Records supplied:
╭──

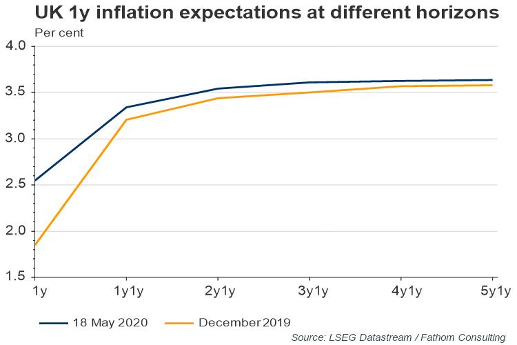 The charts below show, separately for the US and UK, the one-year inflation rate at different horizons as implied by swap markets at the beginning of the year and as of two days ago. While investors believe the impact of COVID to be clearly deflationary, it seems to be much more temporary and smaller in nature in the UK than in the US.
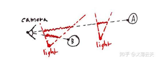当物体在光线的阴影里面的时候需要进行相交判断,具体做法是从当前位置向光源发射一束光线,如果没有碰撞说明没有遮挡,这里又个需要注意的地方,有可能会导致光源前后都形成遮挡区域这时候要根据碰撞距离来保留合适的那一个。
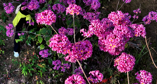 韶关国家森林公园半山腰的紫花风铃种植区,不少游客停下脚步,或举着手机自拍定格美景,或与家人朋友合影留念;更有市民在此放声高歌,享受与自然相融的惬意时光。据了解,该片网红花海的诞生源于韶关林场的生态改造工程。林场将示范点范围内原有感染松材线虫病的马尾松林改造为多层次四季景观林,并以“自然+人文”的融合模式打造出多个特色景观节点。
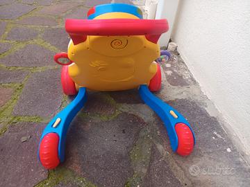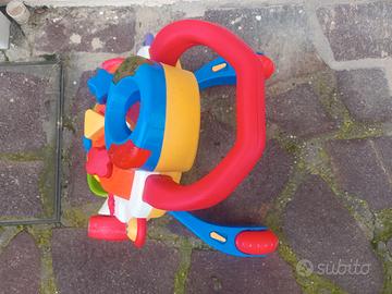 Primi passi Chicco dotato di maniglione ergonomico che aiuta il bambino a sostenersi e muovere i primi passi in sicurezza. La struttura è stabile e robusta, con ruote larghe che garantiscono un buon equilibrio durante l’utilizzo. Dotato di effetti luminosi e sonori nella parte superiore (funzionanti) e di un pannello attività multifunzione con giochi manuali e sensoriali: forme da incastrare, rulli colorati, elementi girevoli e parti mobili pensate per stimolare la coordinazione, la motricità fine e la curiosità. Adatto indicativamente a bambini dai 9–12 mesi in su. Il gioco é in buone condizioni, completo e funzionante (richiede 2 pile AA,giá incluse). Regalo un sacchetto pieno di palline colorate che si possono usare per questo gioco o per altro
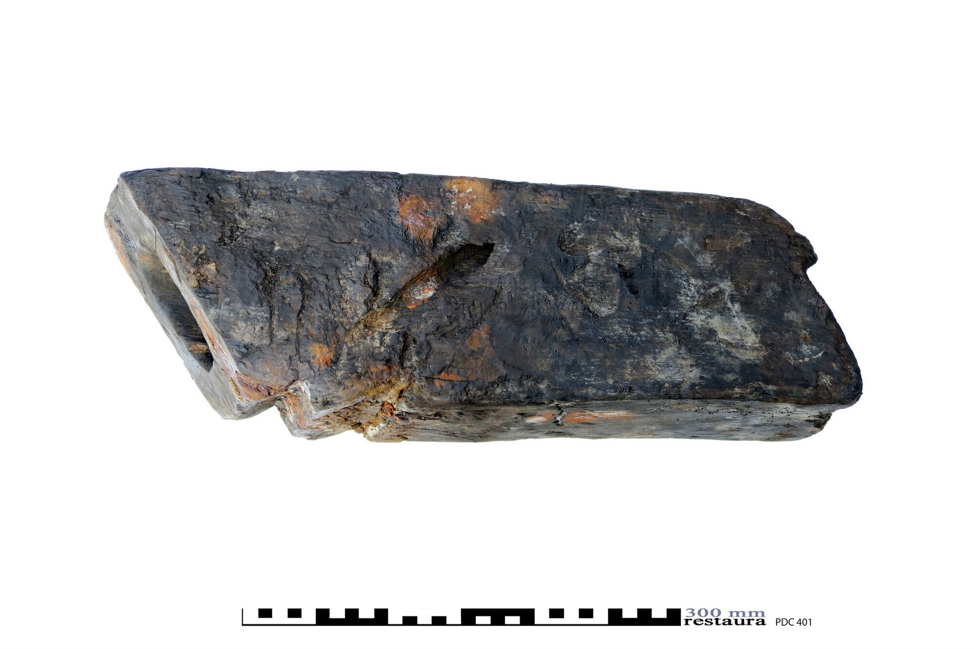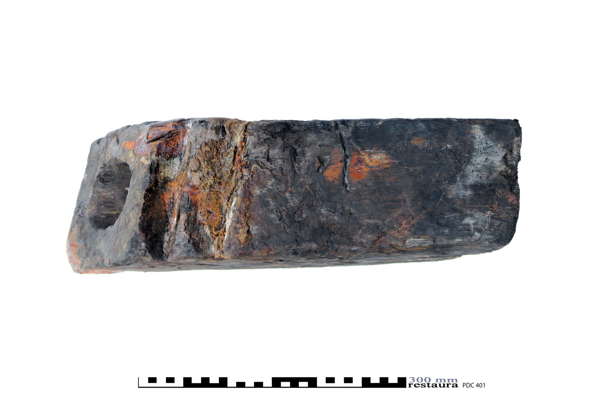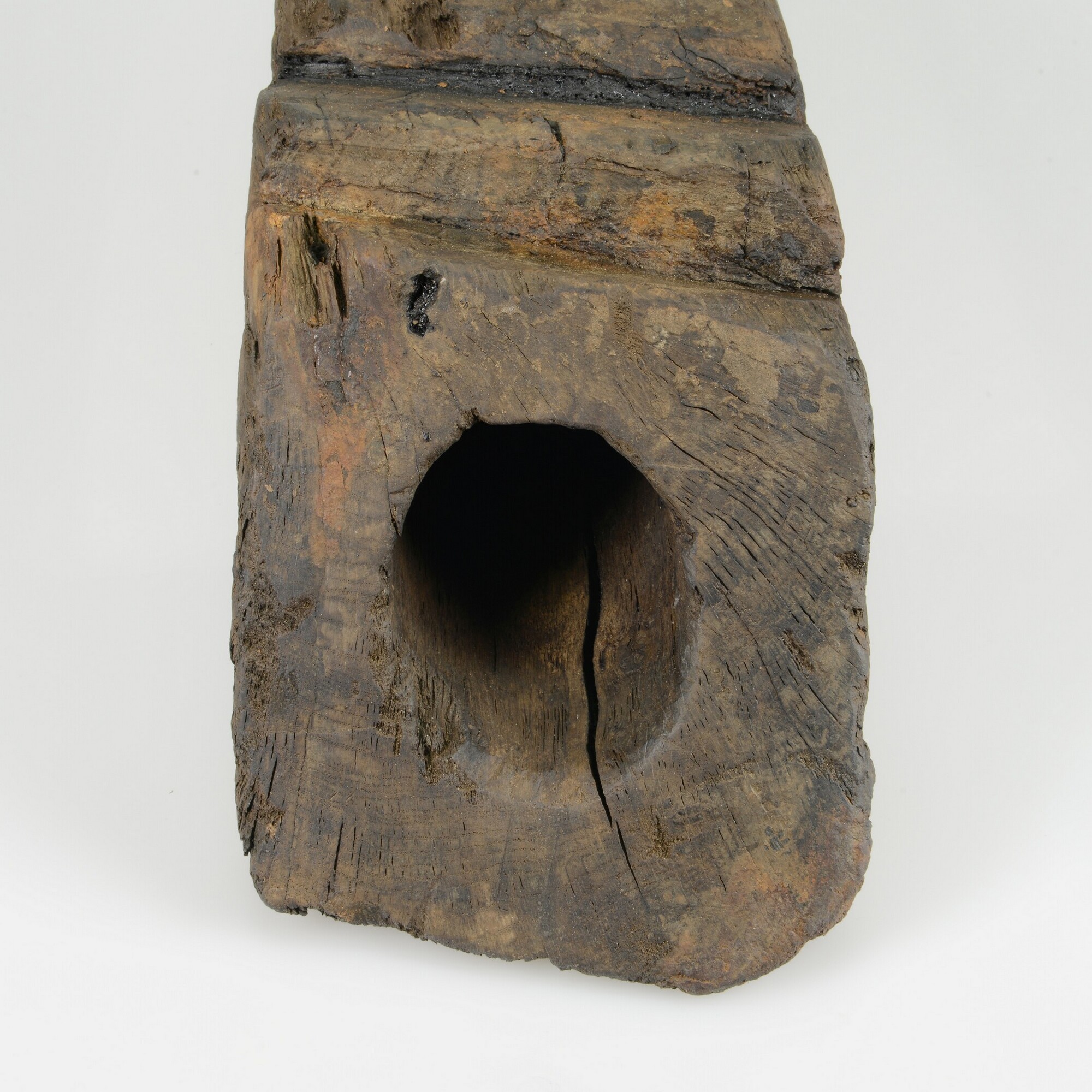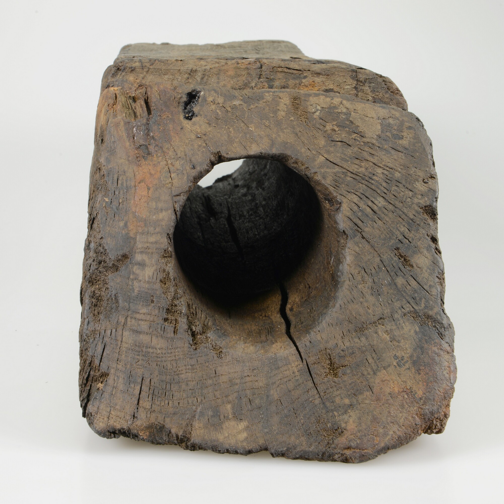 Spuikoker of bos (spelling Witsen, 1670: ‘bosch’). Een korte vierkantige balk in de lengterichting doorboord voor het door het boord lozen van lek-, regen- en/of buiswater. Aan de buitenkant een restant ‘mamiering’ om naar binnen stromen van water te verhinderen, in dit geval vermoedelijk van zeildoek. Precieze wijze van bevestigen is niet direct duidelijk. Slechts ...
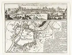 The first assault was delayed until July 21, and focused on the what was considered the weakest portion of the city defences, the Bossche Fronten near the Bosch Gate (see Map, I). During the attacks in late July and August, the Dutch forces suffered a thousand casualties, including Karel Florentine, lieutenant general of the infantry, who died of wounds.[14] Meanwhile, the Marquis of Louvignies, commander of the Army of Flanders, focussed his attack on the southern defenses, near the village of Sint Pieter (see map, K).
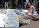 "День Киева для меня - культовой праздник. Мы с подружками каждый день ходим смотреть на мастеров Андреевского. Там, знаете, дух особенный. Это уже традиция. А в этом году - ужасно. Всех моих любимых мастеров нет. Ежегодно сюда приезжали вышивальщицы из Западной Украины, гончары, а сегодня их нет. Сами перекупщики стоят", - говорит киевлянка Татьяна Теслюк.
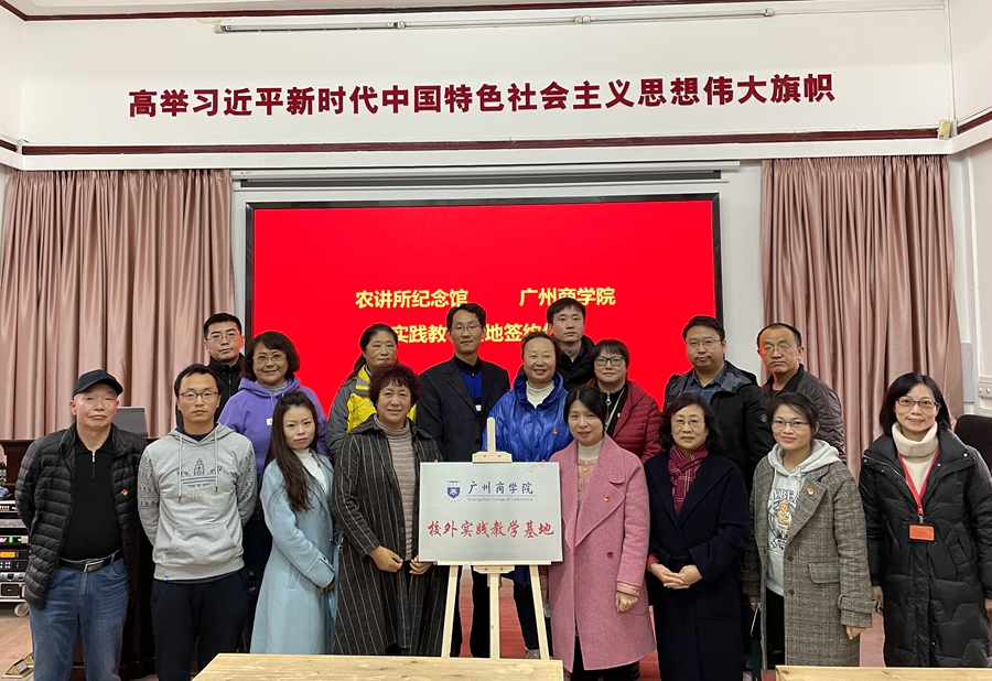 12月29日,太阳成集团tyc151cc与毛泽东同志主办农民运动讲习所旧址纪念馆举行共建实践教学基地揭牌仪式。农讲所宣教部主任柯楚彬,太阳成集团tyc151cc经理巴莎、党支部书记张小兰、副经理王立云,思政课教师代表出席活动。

╰──
╭──

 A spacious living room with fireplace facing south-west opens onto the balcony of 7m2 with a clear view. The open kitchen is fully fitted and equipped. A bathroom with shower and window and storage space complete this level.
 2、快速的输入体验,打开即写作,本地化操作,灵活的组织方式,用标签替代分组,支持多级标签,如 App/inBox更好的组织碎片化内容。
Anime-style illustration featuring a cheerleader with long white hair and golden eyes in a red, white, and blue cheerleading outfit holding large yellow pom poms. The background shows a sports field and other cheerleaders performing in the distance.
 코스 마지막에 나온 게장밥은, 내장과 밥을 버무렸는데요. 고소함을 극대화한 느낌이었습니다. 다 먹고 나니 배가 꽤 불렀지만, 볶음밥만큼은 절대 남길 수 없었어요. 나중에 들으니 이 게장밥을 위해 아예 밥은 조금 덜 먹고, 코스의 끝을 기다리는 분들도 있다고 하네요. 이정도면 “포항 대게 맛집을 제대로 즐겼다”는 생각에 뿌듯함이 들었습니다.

╰──

Description of the task: With pictures omitted, repeat the entries above word for word from the line holding "The charts below" down to the line holding "当物体在光线的阴影里面的时候", keeping both of those lines.

Answer for the task:
 The charts below show, separately for the US and UK, the one-year inflation rate at different horizons as implied by swap markets at the beginning of the year and as of two days ago. While investors believe the impact of COVID to be clearly deflationary, it seems to be much more temporary and smaller in nature in the UK than in the US.
当物体在光线的阴影里面的时候需要进行相交判断,具体做法是从当前位置向光源发射一束光线,如果没有碰撞说明没有遮挡,这里又个需要注意的地方,有可能会导致光源前后都形成遮挡区域这时候要根据碰撞距离来保留合适的那一个。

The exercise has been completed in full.